Ma intanto Ericsson 4, timonato da Torben Grael, va, ed è stata la prima a passare il cancello posto a 58 gradi di longitudine est raccogliendo 4 punti. Ora Grael punta a nord per le 2200 miglia che lo separano da Cochin. Anders Lewander con la gemella Ericsson 3 è passato secondo al waypoint ed ha incassato 3,5 punti.
Torben Grael, il brasiliano medaglia olimpica e, per noi italiani, soprattutto tattico di Luna Rossa, impegnato al timone di Ericsson 4 in questa che è la sua seconda VOR dice:”Siamo ben preparati e abbiamo una buona barca. A terra hanno sistemato bene la barca per questa seconda tappa. Abbiamo avuto una buona partenza e navigato bene. E' tutto questo messo insieme ci ha fatto arrivare per primi al cancello”.
I due Ericsson sono stati gli equipaggi che hanno scelto una rotta più meridionale rispetto agli altri Team. Una scelta difficile, perché, se è vero che la rotta è più diretta, ci sono anche maggiori pericoli. Le condizioni per le due barche svedesi sono state infatti molto difficili con venti costantemente sopra i 25 nodi ed un mare confuso e molto ripido. Hanno affrontato anche una bella burrasca con venti fino a 40/50 nodi e qualche vela esplosa ma senza gravi danni.
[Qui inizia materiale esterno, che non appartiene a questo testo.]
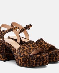 Gianvito Rossi Women's Natural Gaeta 45 Leopard-Print Velvet Sandals
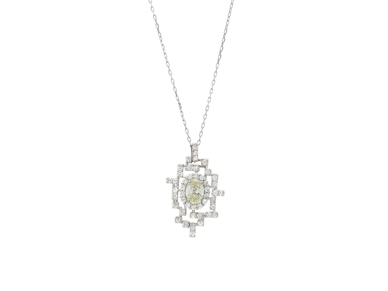 HÄNGE MED KEDJA, platina, ovalslipad diamant ca 0,62 ct, ca Light Yellow/SI, 31 briljantslipade diamanter ca 0,58 ctv, ca TW-TCa/SI-P, längd 36 - 40 cm, vikt 3,9 g.
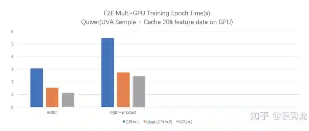 这两点带来的最终端到端的结果是,我们在一个具有NVLink的两卡机器上训练ogbn-product数据集达到了超线性加速比。quiver提供了非常简单易用的API设计,方便用户只需要修改cache_policy参数即可切换使用两种不同的多卡缓存策略。
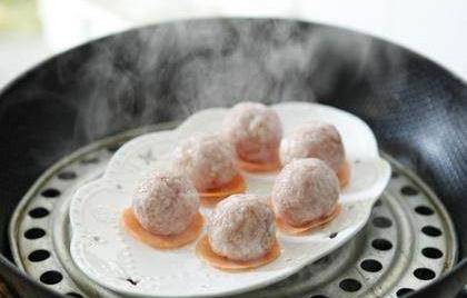 將做好的肉丸子放在胡蘿卜片上,裝入盤中。蒸鍋內加入適量的水燒開,放入肉丸子大火蒸8分鐘左右,熟透即可。
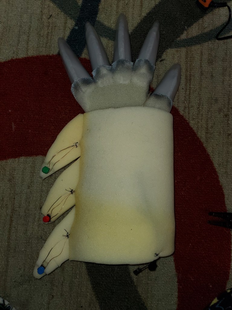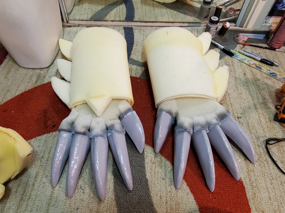 I sealed each claw with 4 layers of black Plasti-Dip (spray, btw, not the actual dip) and then 3 layers of white Plasti-Dip. This is just the way I tend to like to seal EVA foam so I know I got every bit of the original foam. (I should have taken a pic before painting, but I did not; apologies, oof).

“E'stata una dura in questi cinque giorni fino al cancello - ha detto Horacio Carabelli da Ericsson 4 – la burrasca ha reso molto difficile controllare la barca. E’ arrivata anche la grandine e se ne è accumulata un centimetro nel cockpit”
Ora gli equipaggi filano su rotte tranquille verso nord, verso l’India, con Ericsson 4 in testa, seguita da Ericsson 3 a 12 miglia e da Green Dragon a 31. Puma ha avuto un problema allo scafo che fortunatamente è riuscito a riparare, anche se ha dovuto cedere posizioni. Ma quello che rende felice l’equipaggio, oltre ad aver ripreso ad andare forte, è che ora possono vivere senza la polvere di carbonio che si infilava dappertutto. Molti dicono che la VOR ha perso di interesse con questo nuovo percorso: niente Australia e Nuova Zelanda, pochi 50 se non per il cancello. Forse è vero visto che sulla corsa c’è poco da dire. Non possiamo certo augurarci emozioni dai pirati della Malesia. Che dire? Ridateci la Whitbread!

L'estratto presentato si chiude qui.